Copy exactly the lines of the material below that run from the one containing "鶏がらスープの素、にんにく、" through the one containing "冷え込みが予想される場合は、". Copy no other lines.

=== Data provided ===

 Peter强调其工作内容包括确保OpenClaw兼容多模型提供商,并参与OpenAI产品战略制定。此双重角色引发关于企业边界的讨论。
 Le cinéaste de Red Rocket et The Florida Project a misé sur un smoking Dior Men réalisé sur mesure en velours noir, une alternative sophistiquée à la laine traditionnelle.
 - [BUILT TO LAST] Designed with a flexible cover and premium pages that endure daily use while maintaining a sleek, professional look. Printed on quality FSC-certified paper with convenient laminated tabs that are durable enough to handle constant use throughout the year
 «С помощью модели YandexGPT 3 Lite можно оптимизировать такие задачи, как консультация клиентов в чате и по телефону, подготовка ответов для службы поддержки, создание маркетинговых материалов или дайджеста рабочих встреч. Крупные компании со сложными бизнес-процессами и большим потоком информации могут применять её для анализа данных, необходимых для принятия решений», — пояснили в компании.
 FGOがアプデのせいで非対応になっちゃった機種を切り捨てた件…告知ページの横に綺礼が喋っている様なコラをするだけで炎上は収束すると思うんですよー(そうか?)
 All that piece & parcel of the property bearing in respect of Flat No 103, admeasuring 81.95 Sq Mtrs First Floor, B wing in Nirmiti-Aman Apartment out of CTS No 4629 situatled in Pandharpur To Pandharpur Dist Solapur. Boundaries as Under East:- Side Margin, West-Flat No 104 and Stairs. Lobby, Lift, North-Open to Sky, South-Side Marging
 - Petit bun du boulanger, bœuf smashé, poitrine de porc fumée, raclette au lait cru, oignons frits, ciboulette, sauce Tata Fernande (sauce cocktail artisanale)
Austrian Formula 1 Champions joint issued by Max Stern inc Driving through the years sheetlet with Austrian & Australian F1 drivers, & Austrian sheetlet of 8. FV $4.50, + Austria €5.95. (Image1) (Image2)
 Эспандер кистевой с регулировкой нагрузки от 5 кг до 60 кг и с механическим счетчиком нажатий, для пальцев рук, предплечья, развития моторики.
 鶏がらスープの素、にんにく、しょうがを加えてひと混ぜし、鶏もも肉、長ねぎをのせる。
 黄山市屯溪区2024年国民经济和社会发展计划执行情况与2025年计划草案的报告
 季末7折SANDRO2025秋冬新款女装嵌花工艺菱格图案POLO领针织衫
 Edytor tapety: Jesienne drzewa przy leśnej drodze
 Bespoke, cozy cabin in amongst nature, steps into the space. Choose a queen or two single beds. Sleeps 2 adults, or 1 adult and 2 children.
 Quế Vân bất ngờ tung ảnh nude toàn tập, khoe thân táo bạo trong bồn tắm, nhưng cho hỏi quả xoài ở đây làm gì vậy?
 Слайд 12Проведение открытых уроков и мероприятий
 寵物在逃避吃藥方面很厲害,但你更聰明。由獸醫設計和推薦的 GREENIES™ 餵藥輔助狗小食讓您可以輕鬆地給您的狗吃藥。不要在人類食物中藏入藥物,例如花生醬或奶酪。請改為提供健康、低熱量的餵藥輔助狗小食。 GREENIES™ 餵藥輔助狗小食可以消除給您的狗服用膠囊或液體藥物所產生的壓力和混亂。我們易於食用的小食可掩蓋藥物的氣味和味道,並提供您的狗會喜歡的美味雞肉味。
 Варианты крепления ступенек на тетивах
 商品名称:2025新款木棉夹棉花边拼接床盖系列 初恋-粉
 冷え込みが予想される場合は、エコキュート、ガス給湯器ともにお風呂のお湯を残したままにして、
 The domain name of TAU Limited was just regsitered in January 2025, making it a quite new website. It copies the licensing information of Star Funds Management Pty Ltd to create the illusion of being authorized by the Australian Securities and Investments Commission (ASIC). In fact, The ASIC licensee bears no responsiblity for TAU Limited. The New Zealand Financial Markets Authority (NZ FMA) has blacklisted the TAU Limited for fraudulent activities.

===

The answer ->
 鶏がらスープの素、にんにく、しょうがを加えてひと混ぜし、鶏もも肉、長ねぎをのせる。
 黄山市屯溪区2024年国民经济和社会发展计划执行情况与2025年计划草案的报告
 季末7折SANDRO2025秋冬新款女装嵌花工艺菱格图案POLO领针织衫
 Edytor tapety: Jesienne drzewa przy leśnej drodze
 Bespoke, cozy cabin in amongst nature, steps into the space. Choose a queen or two single beds. Sleeps 2 adults, or 1 adult and 2 children.
 Quế Vân bất ngờ tung ảnh nude toàn tập, khoe thân táo bạo trong bồn tắm, nhưng cho hỏi quả xoài ở đây làm gì vậy?
 Слайд 12Проведение открытых уроков и мероприятий
 寵物在逃避吃藥方面很厲害,但你更聰明。由獸醫設計和推薦的 GREENIES™ 餵藥輔助狗小食讓您可以輕鬆地給您的狗吃藥。不要在人類食物中藏入藥物,例如花生醬或奶酪。請改為提供健康、低熱量的餵藥輔助狗小食。 GREENIES™ 餵藥輔助狗小食可以消除給您的狗服用膠囊或液體藥物所產生的壓力和混亂。我們易於食用的小食可掩蓋藥物的氣味和味道,並提供您的狗會喜歡的美味雞肉味。
 Варианты крепления ступенек на тетивах
 商品名称:2025新款木棉夹棉花边拼接床盖系列 初恋-粉
 冷え込みが予想される場合は、エコキュート、ガス給湯器ともにお風呂のお湯を残したままにして、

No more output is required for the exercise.